#### DATA
▽
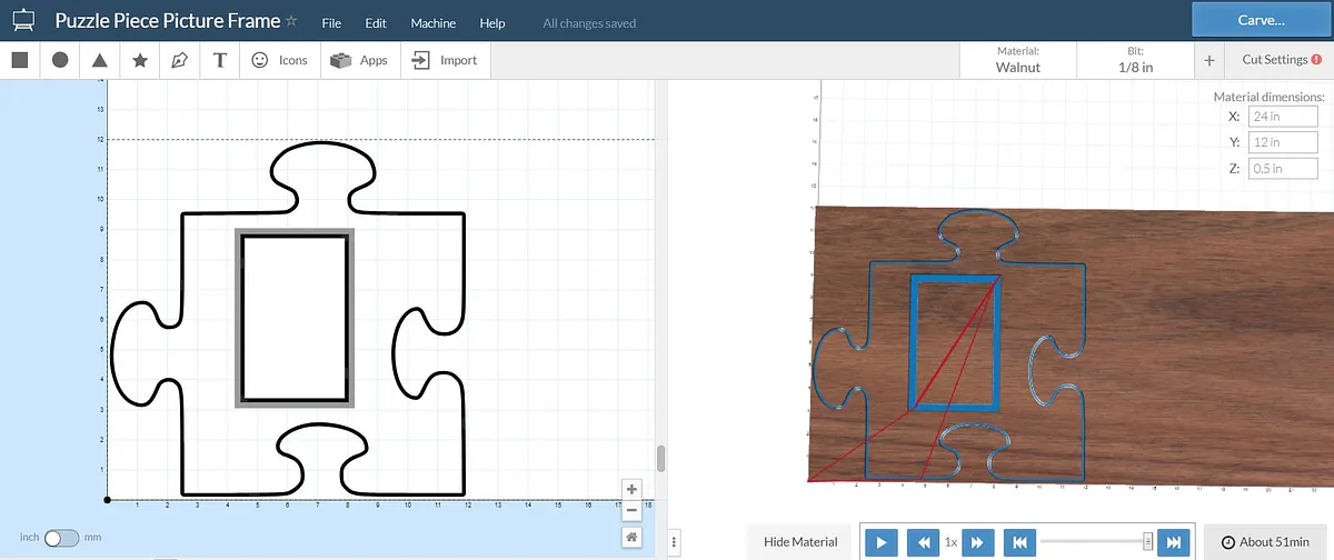 Just put it on your cnc router and cut it out. It cuts out the back side so that there is a recessed section so that the glass and picture can be retained. If you would like to engrave anything on the front then you will need to flip it over after it is cut out.
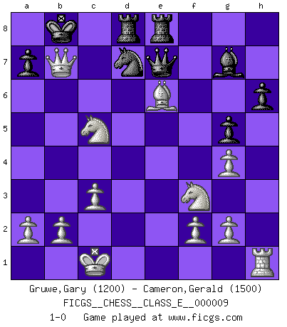 Last move : 1-0 2006 November 10 17:24:12 [Event "FICGS__CHESS__CLASS_E__000009"] [Site "FICGS"] [Date "2006.07.26"] [Round "1"] [White "Gruwe,Gary"] [Black "Cameron,Gerald"] [Result "1-0"] [WhiteElo "1200"] [BlackElo "1500"] 1.d4 Nf6 2.Nf3 e6 3.Bg5 h6 4.Bh4 d6 5.Nbd2 g5 6.Bg3 Nh5 7.e4 Bg7 8.c3 Qe7 9.Bc4 Nxg3 10.hxg3 Bd7 11.Qe2 c5 12.dxc5 dxc5 13.O-O-O Nc6 14.g4 O-O-O 15.e5 f5 16.exf6 Qxf6 17.Qe3 Qe7 18.Ne4 Rhf8 19.Nxc5 Nb8 20.Bxe6 Rfe8 21.Rxd7 Nxd7 22.Qe4 Kb8 23.Qxb7+ 1-0 Queen's pawn : Torre attack Queenside Castling by player White (move 13) Queenside Castling by player Black (move 14) Player White won this chess game. Follow this game move after move (download)The blunders are all there on the board, waiting to be made. (Savielly Tartakover) Ein Teil des Fehlers ist immer korrekt. (Savielly Grigorievitsch Tartakower) Dejen al perfeccionista jugar por correo. (Yasser Seirawan) Seul un grand joueur sait à quel point il joue faiblement. (Xavier Tartacover) Men never do evil so completely and cheerfully as when they do it from religious conviction. (Blaise Pascal)
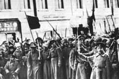 Trong khi đó, binh lính bắt đầu giải quyết vấn đề hòa bình bằng cách đào ngũ, nông dân đốt nhà địa chủ và chiếm lấy ấp trại lớn, công nhân thì phá hoại và đình công… đương nhiên là bon chủ nhà máy, địa chủ và sĩ quan dùng mọi quyền lực của họ để chống lại bất cứ một cuộc hòa giải dân chủ nào…
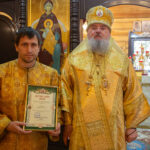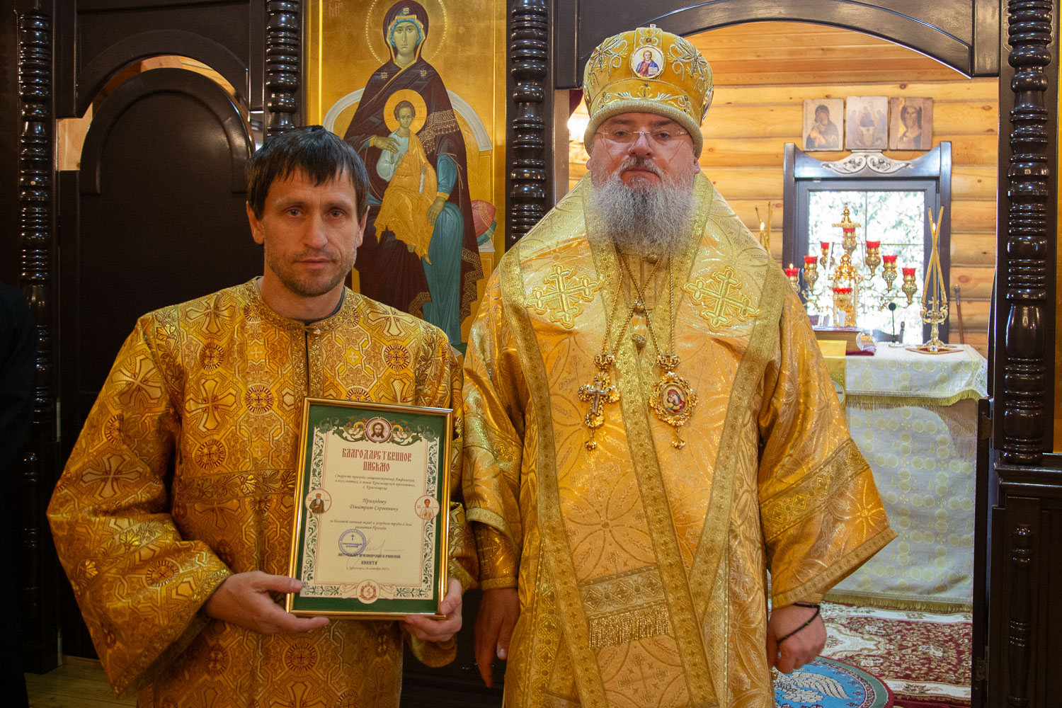 За труд и активное участие в жизни прихода храма священномученика Амфилохия в городе Красноярске правящий архиерей наградил благодарственными письмами: старосту прихода Дмитрия Сергеевича Приходова и певчию Ирину Александровну Евфимову.
△
#### YOUR TASK
Each line from the first line of the listing above through the line containing "Last move : 1-0" is to be written out exactly, and the pictures are to be left out.

#### EXPECTED ANSWER
 Just put it on your cnc router and cut it out. It cuts out the back side so that there is a recessed section so that the glass and picture can be retained. If you would like to engrave anything on the front then you will need to flip it over after it is cut out.
 Last move : 1-0 2006 November 10 17:24:12 [Event "FICGS__CHESS__CLASS_E__000009"] [Site "FICGS"] [Date "2006.07.26"] [Round "1"] [White "Gruwe,Gary"] [Black "Cameron,Gerald"] [Result "1-0"] [WhiteElo "1200"] [BlackElo "1500"] 1.d4 Nf6 2.Nf3 e6 3.Bg5 h6 4.Bh4 d6 5.Nbd2 g5 6.Bg3 Nh5 7.e4 Bg7 8.c3 Qe7 9.Bc4 Nxg3 10.hxg3 Bd7 11.Qe2 c5 12.dxc5 dxc5 13.O-O-O Nc6 14.g4 O-O-O 15.e5 f5 16.exf6 Qxf6 17.Qe3 Qe7 18.Ne4 Rhf8 19.Nxc5 Nb8 20.Bxe6 Rfe8 21.Rxd7 Nxd7 22.Qe4 Kb8 23.Qxb7+ 1-0 Queen's pawn : Torre attack Queenside Castling by player White (move 13) Queenside Castling by player Black (move 14) Player White won this chess game. Follow this game move after move (download)The blunders are all there on the board, waiting to be made. (Savielly Tartakover) Ein Teil des Fehlers ist immer korrekt. (Savielly Grigorievitsch Tartakower) Dejen al perfeccionista jugar por correo. (Yasser Seirawan) Seul un grand joueur sait à quel point il joue faiblement. (Xavier Tartacover) Men never do evil so completely and cheerfully as when they do it from religious conviction. (Blaise Pascal)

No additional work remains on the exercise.